Status quo Start-up Germany?

Interview with Dr. Alex von Frankenberg

HTGF celebrates its 15th birthday in 2020. After all these years and nearly 600 investments — what, do you think, is the state of the German startup landscape today?

Germany is in pretty good shape and has caught up extremely well in many sectors. There are now more ‘Made in Germany’ startup market leaders, including some in the high-tech sector, such as Celonis, the Munich-based process mining firm, and Bank N26, one of the most successful fintech businesses. Then there is also the growing number of major funding rounds. Of course, challenges still remain.

What do you mean by that?

Take exits for example. There are far too few IPOs here. Although Teamviewer was one of the biggest tech IPOs since the dot-com bubble burst, a total of just four companies went public at the Frankfurt Stock Exchange in 2019. Compare that with London, which registered about 27 IPOs. Germany is lagging behind in this respect.

In terms of exit, why do you consider IPOs to be so important?

Because that’s the only way to continue growing at a fast pace whilst maintaining independence.

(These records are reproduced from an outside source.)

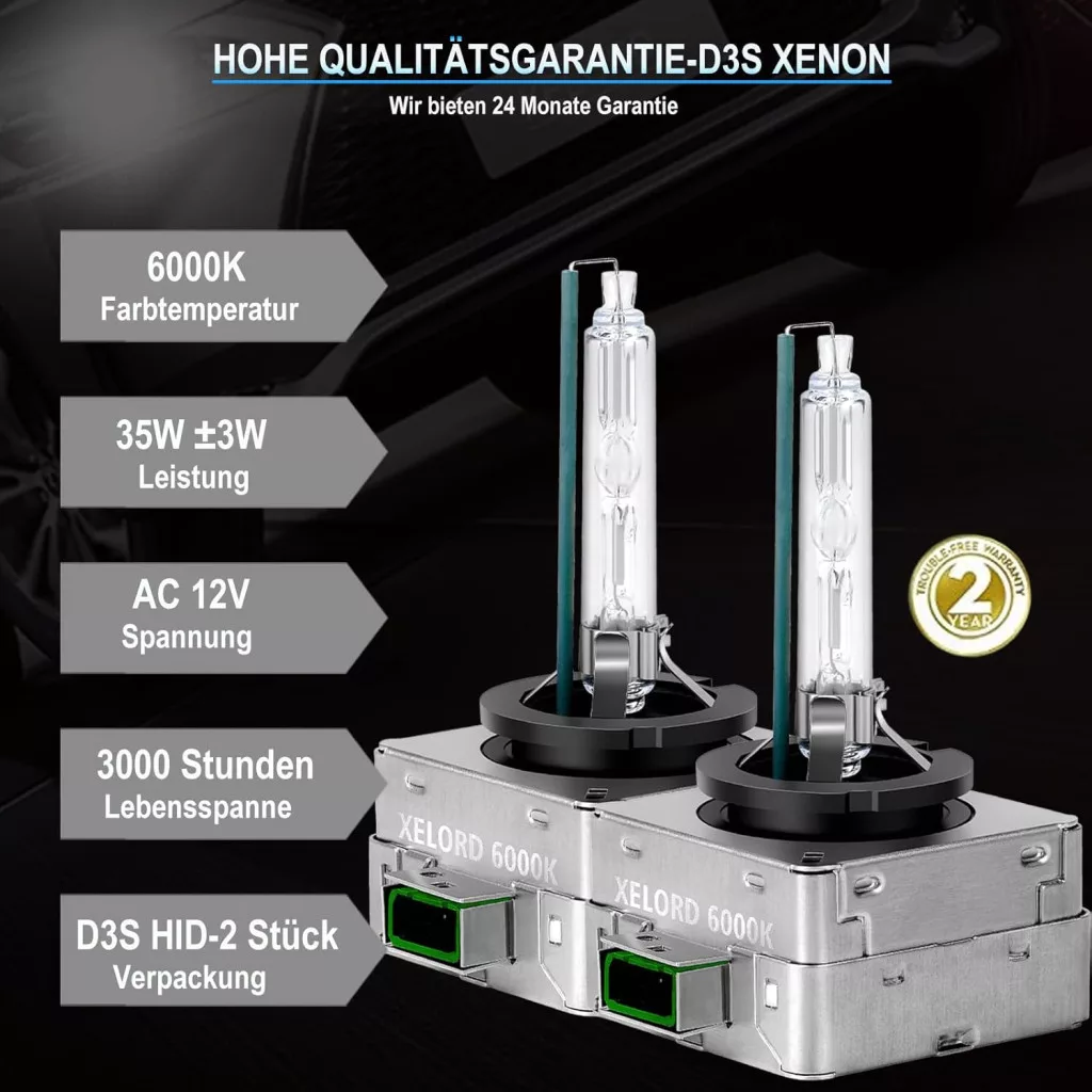 XELORD D3S Xenon HID fényszóró izzó 6000K gyémánt fehér 35W 12V 2db
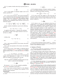 ABSTRACT This practice describes a methodology to statistically characterize the distribution of the largest indigenous non-metallic inclusions in steel specimens based upon quantitative metallographic measurements. This practice enables the experimenter to estimate the extreme value distribution of inclusions in steels. The procedures in determining non-metallic inclusions in steel are presented and discussed in details. SIGNIFICANCE AND USE 5.1 This practice is used to assess the indigenous inclusions or second-phase constituents in metals using extreme value statistics. 5.2 It is well known that failures of mechanical components, such as gears and bearings, are often caused by the presence of large nonmetallic oxide inclusions. Failure of a component can often be traced to the presence of a large inclusion. Predictions related to component fatigue life are not possible with the evaluations provided by standards such as Test Methods E45, Practice E1122, or Practice E1245. The use of extreme value statistics has been related to component life and inclusion size distributions by several different investigators (3-8). The purpose of this practice is to create a standardized method of performing this analysis. 5.3 This practice is not suitable for assessing the exogenous inclusions in steels and other metals because of the unpredictable nature of the distribution of exogenous inclusions. Other methods involving complete inspection such as ultrasonics must be used to locate their presence. SCOPE 1.1 This practice describes a methodology to statistically characterize the distribution of the largest indigenous nonmetallic inclusions in steel specimens based upon quantitative metallographic measurements. The practice is not suitable for assessing exogenous inclusions. 1.2 Based upon the statistical analysis, the nonmetallic content of different lots of steels can be compared. 1.3 This practice deals only with the recommended test methods and nothing in it should be construed as defining or establishing limits of acceptability. 1.4 The values stated in SI units are to be regarded as standard. No other units of measurement are included in this standard. 1.4.1 For measurements obtained from light microscopy, linear feature parameters shall be reported as micrometers, and feature areas shall be reported as micrometers. 1.5 The methodology can be extended to other materials and to other microstructural features. 1.6 This standard does not purport to address all of the safety concerns, if any, associated with its use. It is the responsibility of the user of this standard to establish appropriate safety, health, and environmental practices and determine the applicability of regulatory limitations prior to use. 1.7 This international standard was developed in accordance with internationally recognized principles on standardization established in the Decision on Principles for the Development of International Standards, Guides and Recommendations issued by the World Trade Organization Technical Barriers to Trade (TBT) Committee.
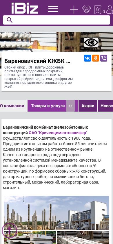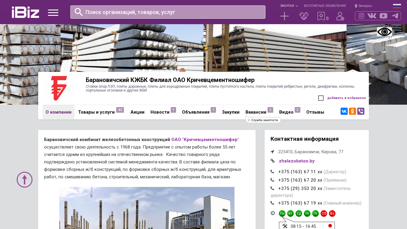 Название / ЗаголовокБарановичский КЖБК Филиал ОАО Кричевцементношифер - Стойки опор ЛЭП, плиты дорожные, плиты для аэродромных покрытий, плиты пустотного настила, плиты покрытий ребристые, ригели, диафрагмы, колонны, портальные оголовки и другие ЖБИ.. 225410, Барановичи, , Кирова, 77
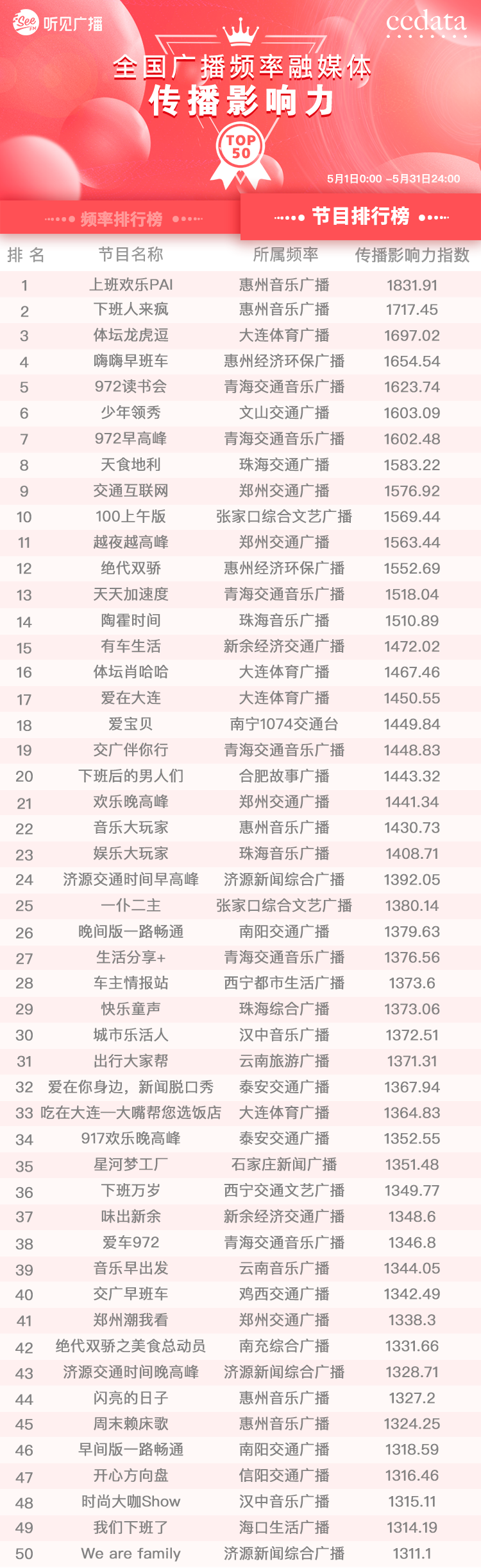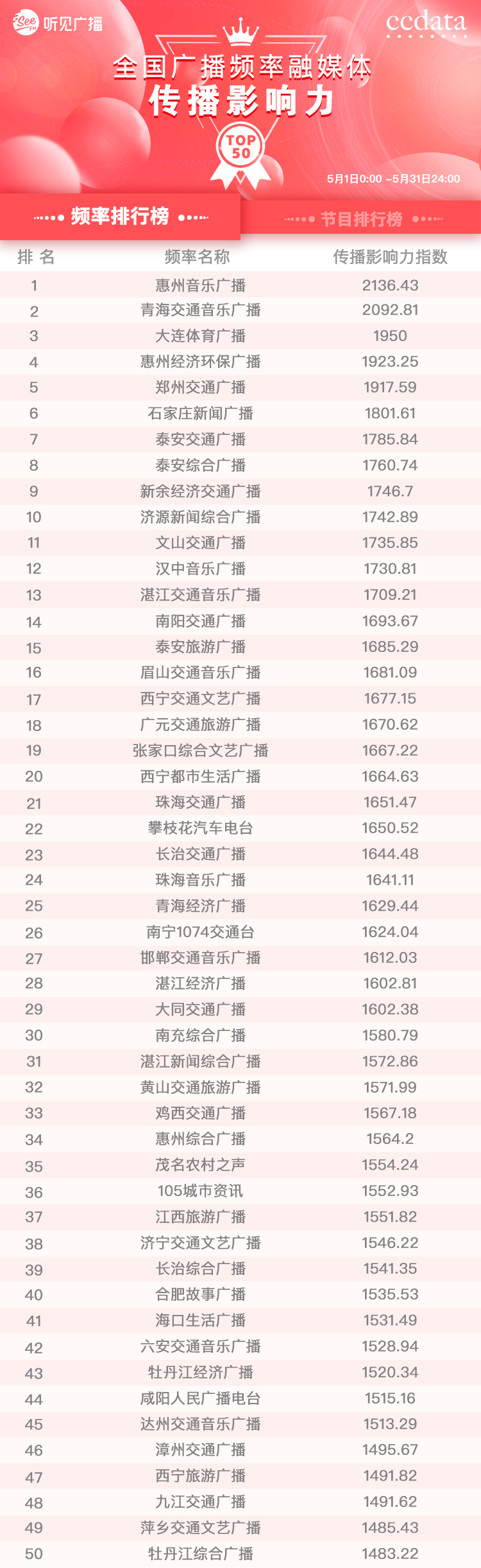 CCData&听见广播:2021年5月全国广播频率融媒体传播影响力榜单 近日, CCData与听见广播联合发布了2021年听见广播“5月全国广播频率融媒体传播影响力榜单”。本届榜单是通过CCData融媒体传播影响力模型对听见广播APP上337个城市,500+广播电台频率的PV、UV、粉丝量等影响力指标进行综合评测最终得出。 以下是2021年5月全国广播频率融媒体频率传播影响力TOP50。 以下是2021年5月全国广播频率融媒体节目传播影响力TOP50。 更多阅读:CCData:2022年9月广电主流媒体融合传播影响力月榜中科网联CCData:2022年8月全国网收视月度盘点CCData:2021年家庭智能投影设备市场分析中科网联CCData:2023年4月全国网收视月度盘点CCData:触媒消费白皮书解“年轻尾款人”CCFA:2019年中国超市百强Demand Gen :制造商将数字转换扩展到销售和营销报告前程无忧:2021年Q1集成电路/半导体市场供需报告数字之旅的时代启幕——空间计算乐普医疗新冠病毒抗体胶体金法检测试剂盒、红外测温仪等产品已供往数十国家中电联:2021中国电力行业年度发展科技照亮银发生活 创新编织幸福晚年StarRocks 优化实践:揭秘毫秒级实时分析的三大核心技术阿里云领投,硅基流动完成数亿元A轮融资柳叶刀机器人完成数千万元A+轮融资 悦湖基金投资
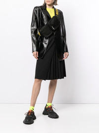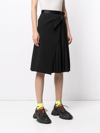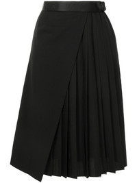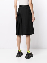 logo-tape detail pleated skirt Belt up. Off-White adds a tonal twist with logo-tape detailing at the top of this A-line skirt. Subtlety says it all - you've mastered smart style and streetwear simultaneously. Highlights - Black - Tonal design - Logo-tape detailing - Belted waist - Fully pleated Made in Italy Composition Polyester 100%, Viscose 57%, Wool 39%, Spandex/Elastane 4%
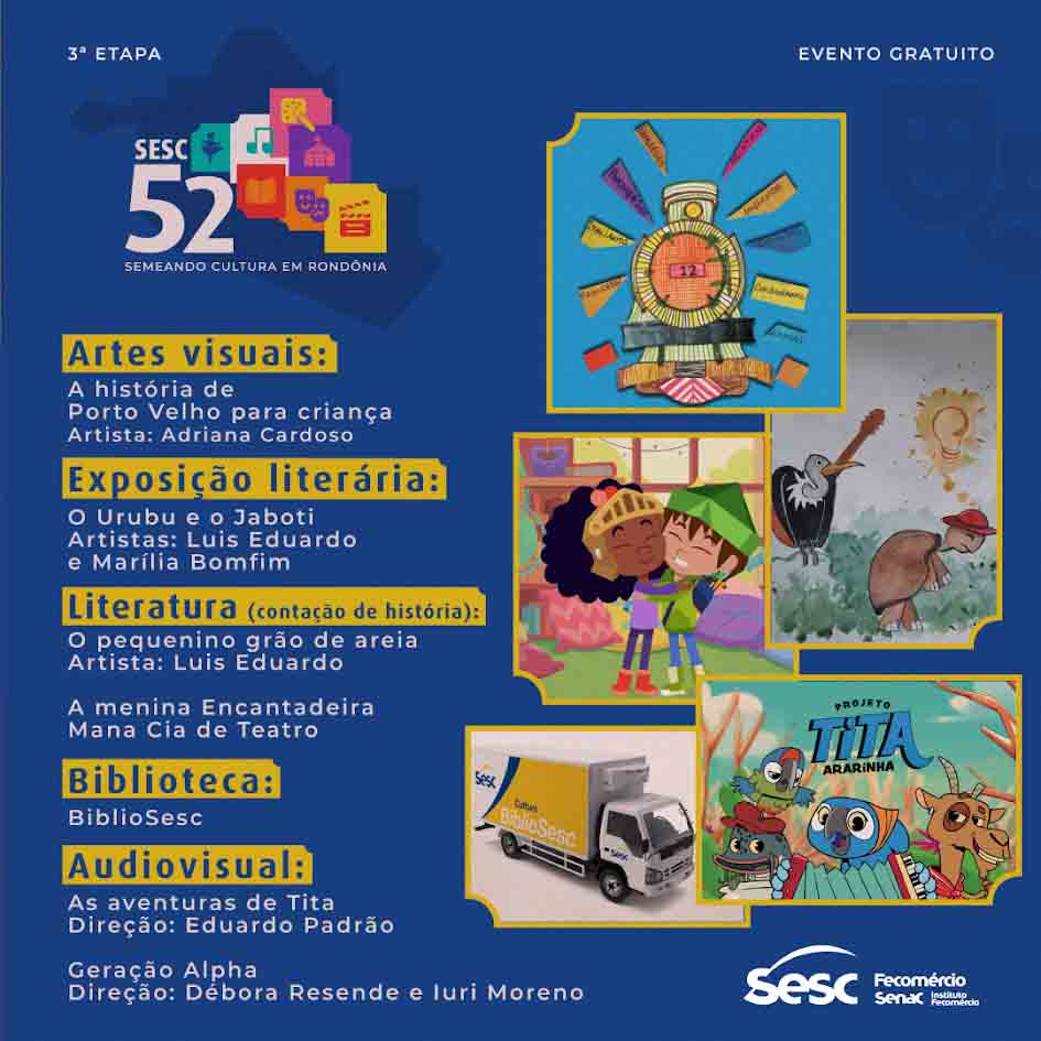A 1ª etapa aconteceu em Porto Velho com contações de histórias em 20 escolas municipais em Porto Velho e também na região do Baixo Madeira. O Sesc 52 é o maior projeto de divulgação e circulação de artes de Rondônia, por isso visita todos os 52 municípios de Rondônia em etapas.

That doesn’t mean that a business can’t grow if it is bought, but growth will be slower, and value will be created in a different way. And don’t forget that the majority of startup buyers are foreign. I think it is incredibly important for Germany, as a center of commerce and industry, that the major startup successes remain independent and do not move their value creation abroad. And we have to work for that by strengthening our ecosystem.

Right now, German startups are demanding more favorable conditions from the Government. Johannes Reck, founder of GetYourGuide, is one of the strongest voices calling for fairer taxation of share options for employees in startups. Do you think he has a point?

Absolutely! In the US for instance, employee stock ownership across all levels of the hierarchy is the norm. That changes the mindset throughout the business and permanently improves its ecosystem. Once you have a unicorn with a value of several billion, the share options are likely to make quite a few people millionaires. Sure, they want a luxury lifestyle, but they’ll probably also invest some of their stash in other startups. But here? Employee share options are only available for the top and second ranks of management at most. And these come with a hefty tax burden. In other words, there are regulatory and political headwinds.

Peter Altmeier, Federal Minister for Economic Affairs and Energy, wants to create a 10 billion future fund to support startups and the tech industry. Is that a good idea?

It’s an important step in the right direction. But we must not lose sight of the competition. The SoftBank Vision Fund alone currently holds around USD 100 billion. We need a variety of smart instruments to be able to compete internationally. In other words, funds need to continue to come from several sources: public, semipublic and private.

HTGF’s third fund has partnered with many private investors. Where do Germany’s industry and the ‘Mittelstand’ stand in terms of digitization?

Innovation is both extremely rapid and radical. That message finally got through in Germany. The investors in our funds and our industry partners are working with us specifically to gain access to young startups, new ideas and innovations. We have been able to link up multiple corporations with startups where both sides benefit from this kind of symbiosis. We see our role here as that of a faciliator/broker. That’s why it is now eleven years since we started organizing our High-Tech Partnering Conference.

Which were the most successful partnerships HTGF has helped to create? Do you have any examples?

Definitely! There is the Düsseldorf startup Cumulocity for instance. It is a former HTGF portfolio company which specializes in Cloud IoT infrastructures. Software AG took over Cumulocity in 2017, and the former CEO of the startup is now the CTO at Software AG. And there is AMAL Therapeutics. They developed a new cancer vaccine and were taken over by Boehringer Ingelheim, the pharmaceutical company, last year. These are just a couple of the many examples in our portfolio.

Where do you see opportunities for startups in Germany?

B2B models and high-tech trends are gradually replacing the B2C hype. That’s why I believe so strongly in partnering our high-tech startups with industry and the ‘Mittelstand’. These established firms have a lot to offer in terms of distribution channels, customer relationships, capital, manpower, and also by opening up future markets in the B2B sector. Those have always been Germany’s strengths.